Версия для слабовидящих
Большинство родителей знают, как трудно найти среди реабилитологов специалиста, который не применяет ко всем без разбора одну методику, а может варьировать лечение в зависимости от потребностей ребенка.
А еще труднее найти того, кто может сказать, какое именно лечение нужно в вашем случае, и выстроить долгосрочную программу, двигаясь по ней к намеченной цели. Уже по глазам Ирины Хвингия и Елены Аксеновой сразу становится понятно, что они точно знают, что и как надо делать с вашим ребенком. И это выражение глаз не приобретешь ни в каком университете, оно приходит только с опытом. А его у Ирины и Елены хоть отбавляй. И он не исчерпывается пациентами со стороны, обе воспитывают детей с тяжелыми нарушениями здоровья и при этом успевают помогать другим – в центре «Нейрокид», в благотворительном фонде «Уверенный шаг». А еще они выезжают на новые территории в детские дома к самым обездоленным деткам…
Обычно люди приходят к пониманию проблем, связанных с детьми-инвалидами, тогда, когда у них рождаются собственные дети с диагнозом.

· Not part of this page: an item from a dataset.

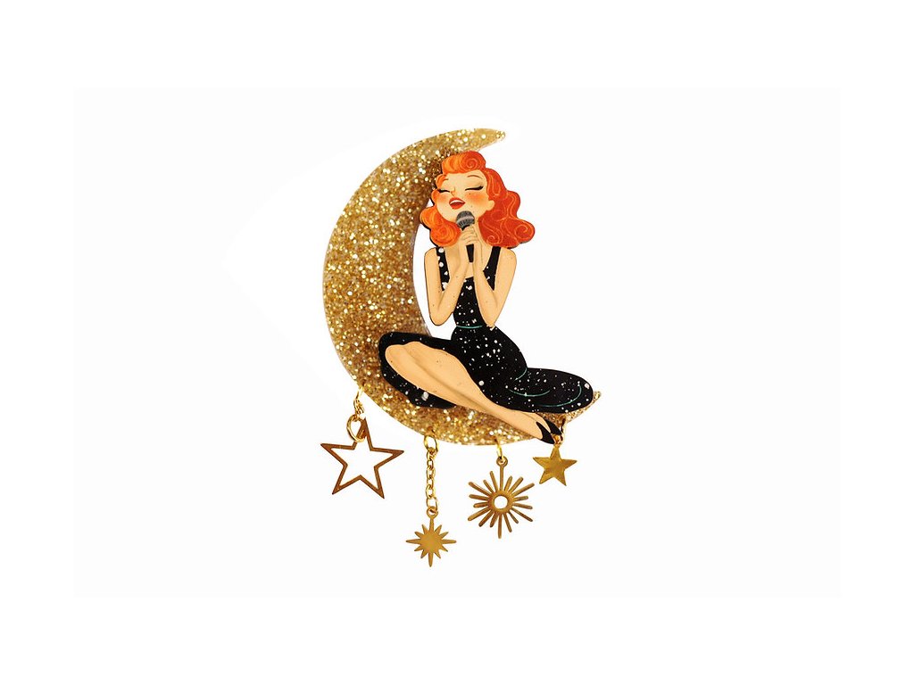 Rozměry brože 9 x 6 cm se zapínáním na sponu s pojistkou. Je vyrobena sublimační technikou ze dřeva, třpytivého měsíce z akrylové pryskyřice a přívěsků ve tvaru hvězd ze zlacené, nerezové oceli . Zapínání z nerezové oceli.

У меня же все в точности до наоборот. Центру было уже несколько лет, когда у меня начали появляться дети-инвалиды. Я по одной из профессий – кризисный военный психолог, практику начинала еще после второй чеченской кампании, потом моя деятельность плавно перетекла в реабилитологию: в то время у меня был на руках маленький ребенок и выезжать в долгосрочные командировки по линии МЧС я была не готова. Приняла для себя решение, что реабилитация на тот момент была самым необходимым направлением клинической психологии. Реаниматология хорошо шагнула вперед, начали выхаживать деток, которых раньше выходить не могли – от 500–600 граммов веса, а вот дальше кому-то надо было ими заниматься. И с 2016 года появился центр нейрореабилитации «Нейрокид».
Надо сказать, что перед этим у меня были некоторые проблемы со здоровьем, после чего специалисты заявили, что детей у меня больше не будет. Муж на это сказал: «Не можешь рожать и не будет детей – это две разные вещи». И мы начали готовиться к приемному родительству. Это был нелегкий путь. Несколько раз я бросала школу приемных родителей, потому что сталкивалась с такими вещами, которые казались непреодолимыми. А в 2018 году, неожиданно для всех врачей, которые выносили вердикт, у меня рождается второй ребенок. Причем ошибочный вердикт выносился дважды: сначала мне, потом ребенку – на 18-й неделе беременности объявили о синдроме Дауна. А малыш родился здоровым. Вот после этого и вернулись к мысли о приемном родительстве. Причем муж умолял: только не инвалида. Он уже насмотрелся в «Нейрокиде» на разных детишек, в том числе и тяжелых. В итоге мы окончили-таки школу приемных родителей. И тут появился Миша.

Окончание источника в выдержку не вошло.